● AVAILABLE DATA

....

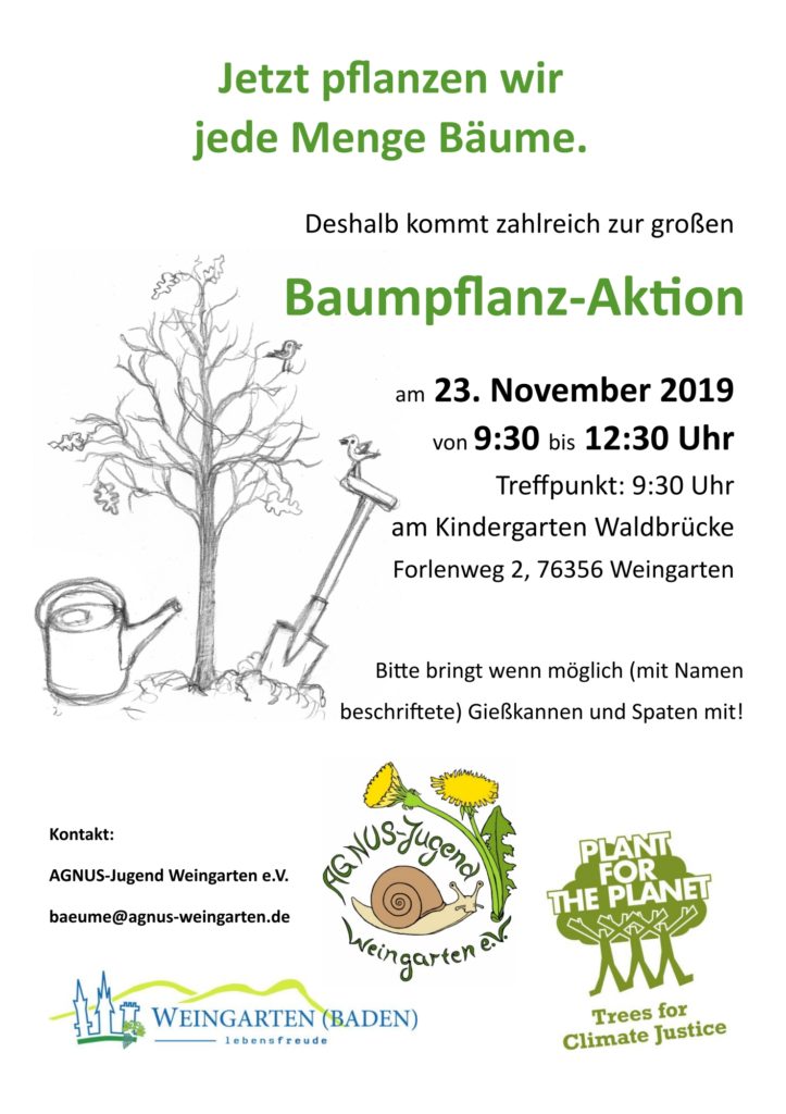 Wir unterstützen die Organisation Plant for the Planet und haben dafür einen eignen Baumzähler. Wer spenden möchte, wir leiten die Spenden gesammelt weiter, so dass sie von unserem Zähler erfasst werden. Oder ihr gebt bei der Überweisung an Plant for the Planet (IBAN DE13 7002 0500 0000 200 000) den Verwendungszweck „Baumspende für Baumzähler AGNUS-Jugend“ oder Baumzähler M 172518 an.
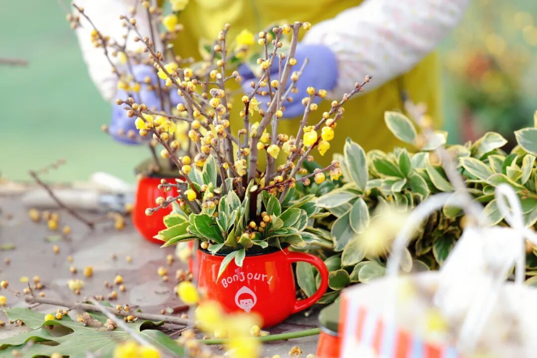 蜡梅园旁的蜡梅盆景与鲜切花销售处吸引了不少市民驻足挑选,黄灿灿的蜡梅配上红艳的南天竹果,显得格外喜庆。临走时,还可将这一缕幽香带回家中,增添年味。
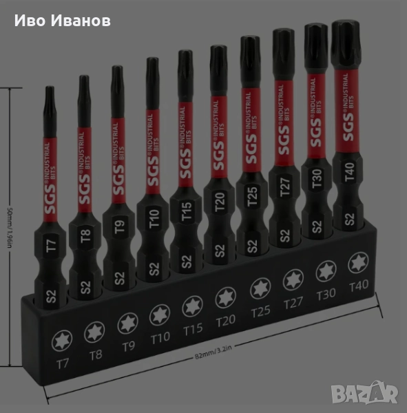 черна основа – издръжлива S2 стомана, дължина 50 мм, захват 1/4", размери
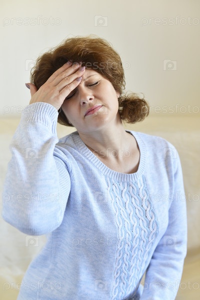 Женщина держит руки на голову, депрессии, боли, мигрени

....

Without any pictures, print the whole listing again exactly as it stands.

 Wir unterstützen die Organisation Plant for the Planet und haben dafür einen eignen Baumzähler. Wer spenden möchte, wir leiten die Spenden gesammelt weiter, so dass sie von unserem Zähler erfasst werden. Oder ihr gebt bei der Überweisung an Plant for the Planet (IBAN DE13 7002 0500 0000 200 000) den Verwendungszweck „Baumspende für Baumzähler AGNUS-Jugend“ oder Baumzähler M 172518 an.
 蜡梅园旁的蜡梅盆景与鲜切花销售处吸引了不少市民驻足挑选,黄灿灿的蜡梅配上红艳的南天竹果,显得格外喜庆。临走时,还可将这一缕幽香带回家中,增添年味。
 черна основа – издръжлива S2 стомана, дължина 50 мм, захват 1/4", размери
 Женщина держит руки на голову, депрессии, боли, мигрени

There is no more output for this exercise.